- [YOUR INSTRUCTIONS]:
Could you repeat the listing exactly, leaving out the pictures?
[[ RECORDED INFORMATION open ]]
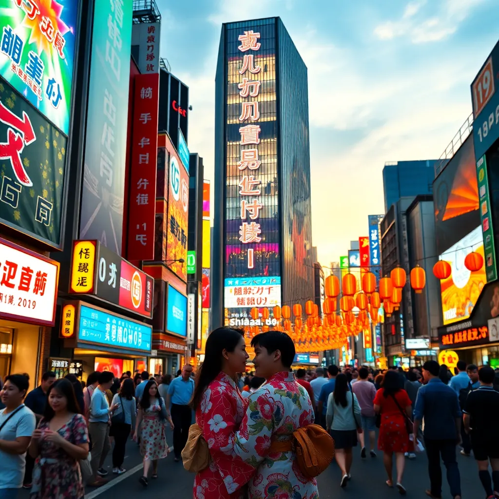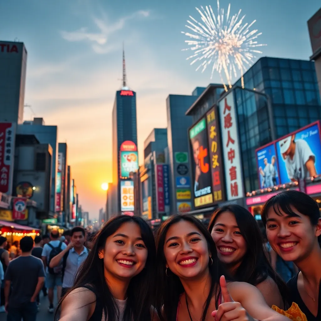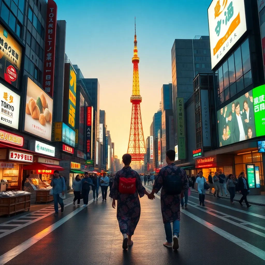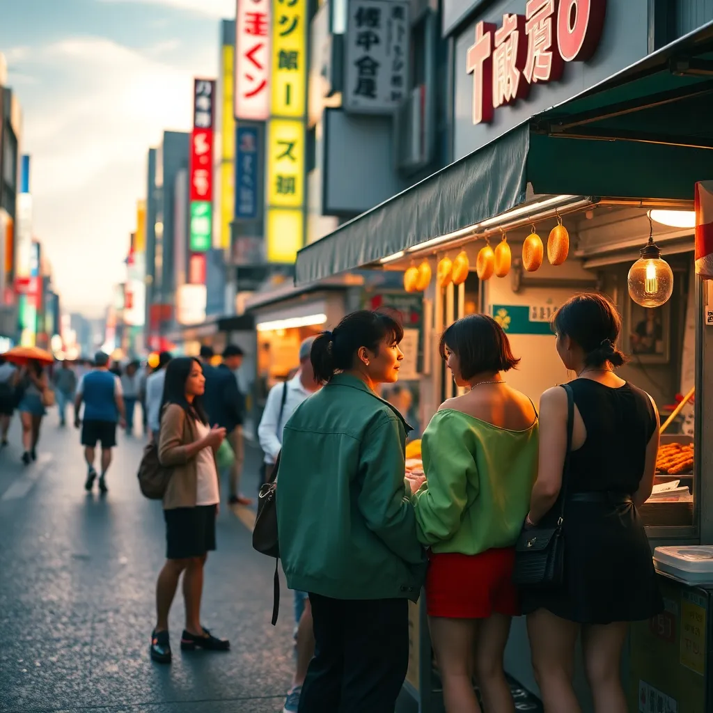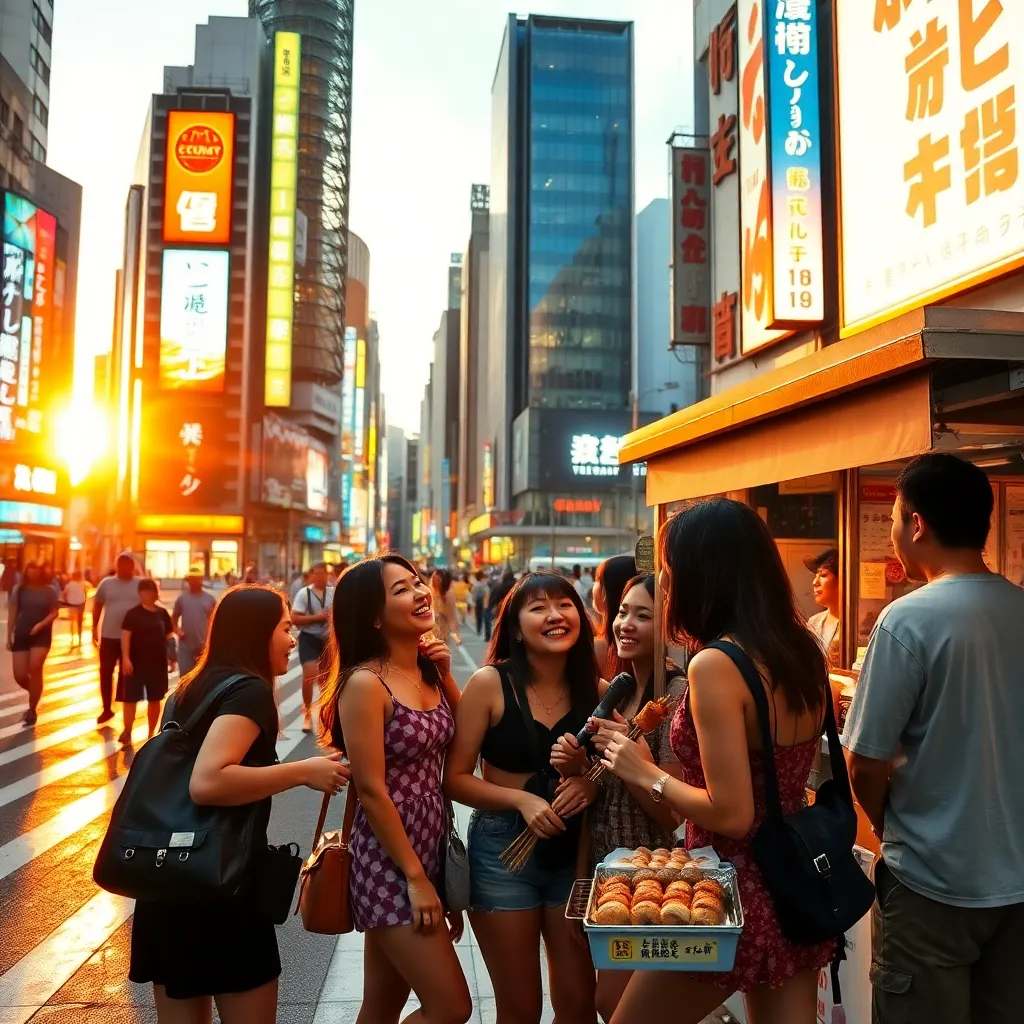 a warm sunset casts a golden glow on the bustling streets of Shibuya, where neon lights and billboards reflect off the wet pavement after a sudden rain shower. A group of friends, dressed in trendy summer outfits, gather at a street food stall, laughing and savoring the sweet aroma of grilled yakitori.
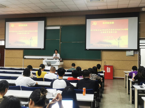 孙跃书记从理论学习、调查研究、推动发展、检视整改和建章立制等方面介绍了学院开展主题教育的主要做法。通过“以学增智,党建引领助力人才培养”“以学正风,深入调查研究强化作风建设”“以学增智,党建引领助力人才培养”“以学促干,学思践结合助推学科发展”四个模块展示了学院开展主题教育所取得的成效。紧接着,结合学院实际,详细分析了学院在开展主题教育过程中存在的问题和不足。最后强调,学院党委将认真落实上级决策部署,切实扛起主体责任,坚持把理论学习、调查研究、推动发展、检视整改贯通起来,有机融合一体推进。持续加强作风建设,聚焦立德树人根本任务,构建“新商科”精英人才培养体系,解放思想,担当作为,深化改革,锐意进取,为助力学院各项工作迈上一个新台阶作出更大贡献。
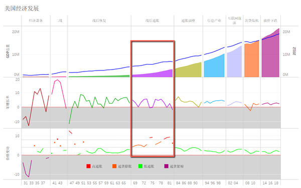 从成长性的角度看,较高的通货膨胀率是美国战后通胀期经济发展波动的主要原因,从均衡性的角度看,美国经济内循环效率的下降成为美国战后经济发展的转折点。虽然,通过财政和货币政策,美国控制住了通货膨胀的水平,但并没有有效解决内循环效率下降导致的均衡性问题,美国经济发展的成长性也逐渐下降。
[[ RECORDED INFORMATION closed ]]
- [SOLUTION TO THIS EXERCISE]:
 a warm sunset casts a golden glow on the bustling streets of Shibuya, where neon lights and billboards reflect off the wet pavement after a sudden rain shower. A group of friends, dressed in trendy summer outfits, gather at a street food stall, laughing and savoring the sweet aroma of grilled yakitori.
 孙跃书记从理论学习、调查研究、推动发展、检视整改和建章立制等方面介绍了学院开展主题教育的主要做法。通过“以学增智,党建引领助力人才培养”“以学正风,深入调查研究强化作风建设”“以学增智,党建引领助力人才培养”“以学促干,学思践结合助推学科发展”四个模块展示了学院开展主题教育所取得的成效。紧接着,结合学院实际,详细分析了学院在开展主题教育过程中存在的问题和不足。最后强调,学院党委将认真落实上级决策部署,切实扛起主体责任,坚持把理论学习、调查研究、推动发展、检视整改贯通起来,有机融合一体推进。持续加强作风建设,聚焦立德树人根本任务,构建“新商科”精英人才培养体系,解放思想,担当作为,深化改革,锐意进取,为助力学院各项工作迈上一个新台阶作出更大贡献。
 从成长性的角度看,较高的通货膨胀率是美国战后通胀期经济发展波动的主要原因,从均衡性的角度看,美国经济内循环效率的下降成为美国战后经济发展的转折点。虽然,通过财政和货币政策,美国控制住了通货膨胀的水平,但并没有有效解决内循环效率下降导致的均衡性问题,美国经济发展的成长性也逐渐下降。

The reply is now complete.